**Your goal**
With pictures excluded, repeat exactly the lines from the one containing "Ik trap af met" through the last line of the material below.

**Information provided**
================
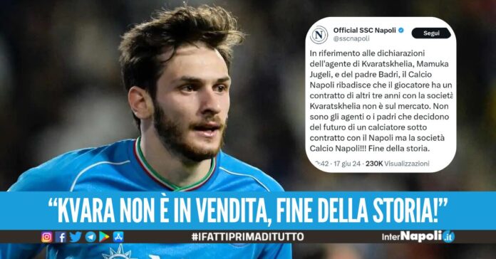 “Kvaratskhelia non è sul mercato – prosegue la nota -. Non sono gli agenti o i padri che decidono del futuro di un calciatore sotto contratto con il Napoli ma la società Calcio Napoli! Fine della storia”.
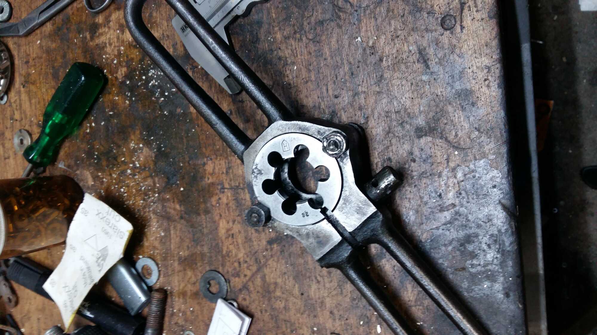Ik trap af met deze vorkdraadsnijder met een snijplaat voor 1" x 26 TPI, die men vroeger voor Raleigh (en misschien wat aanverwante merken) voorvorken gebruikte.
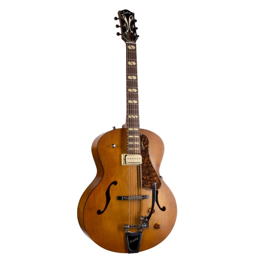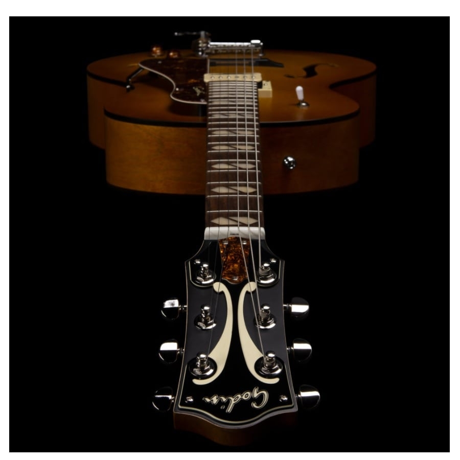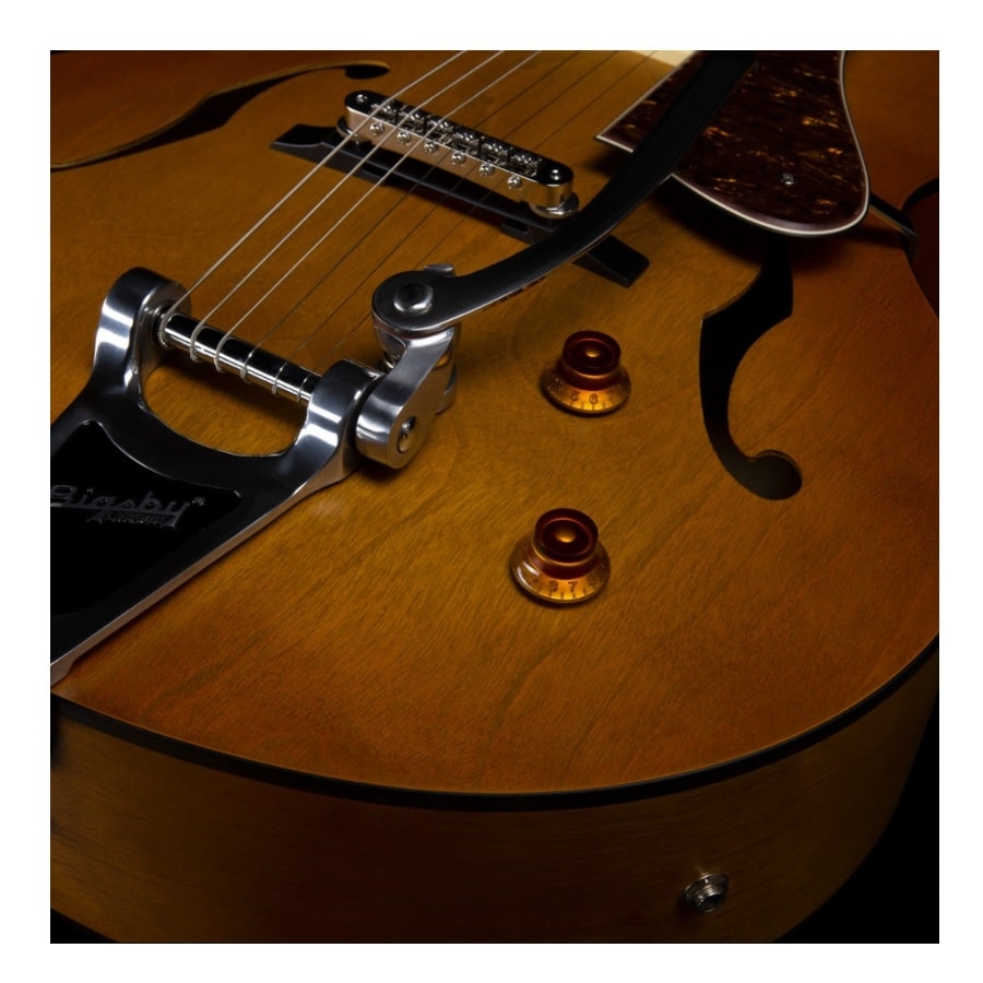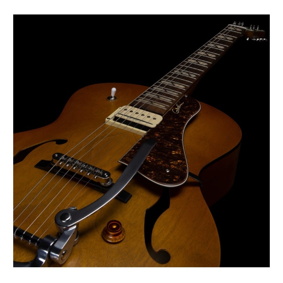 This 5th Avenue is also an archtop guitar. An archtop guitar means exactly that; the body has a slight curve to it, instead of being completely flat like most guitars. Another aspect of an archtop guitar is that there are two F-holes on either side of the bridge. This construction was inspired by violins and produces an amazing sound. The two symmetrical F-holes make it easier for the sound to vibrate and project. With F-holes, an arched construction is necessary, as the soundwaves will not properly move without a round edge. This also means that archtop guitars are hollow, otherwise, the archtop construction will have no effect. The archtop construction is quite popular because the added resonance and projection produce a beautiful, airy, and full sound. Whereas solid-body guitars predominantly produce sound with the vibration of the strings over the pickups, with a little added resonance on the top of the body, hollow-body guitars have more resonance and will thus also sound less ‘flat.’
================
**Answer to this exercise**
Ik trap af met deze vorkdraadsnijder met een snijplaat voor 1" x 26 TPI, die men vroeger voor Raleigh (en misschien wat aanverwante merken) voorvorken gebruikte.
 This 5th Avenue is also an archtop guitar. An archtop guitar means exactly that; the body has a slight curve to it, instead of being completely flat like most guitars. Another aspect of an archtop guitar is that there are two F-holes on either side of the bridge. This construction was inspired by violins and produces an amazing sound. The two symmetrical F-holes make it easier for the sound to vibrate and project. With F-holes, an arched construction is necessary, as the soundwaves will not properly move without a round edge. This also means that archtop guitars are hollow, otherwise, the archtop construction will have no effect. The archtop construction is quite popular because the added resonance and projection produce a beautiful, airy, and full sound. Whereas solid-body guitars predominantly produce sound with the vibration of the strings over the pickups, with a little added resonance on the top of the body, hollow-body guitars have more resonance and will thus also sound less ‘flat.’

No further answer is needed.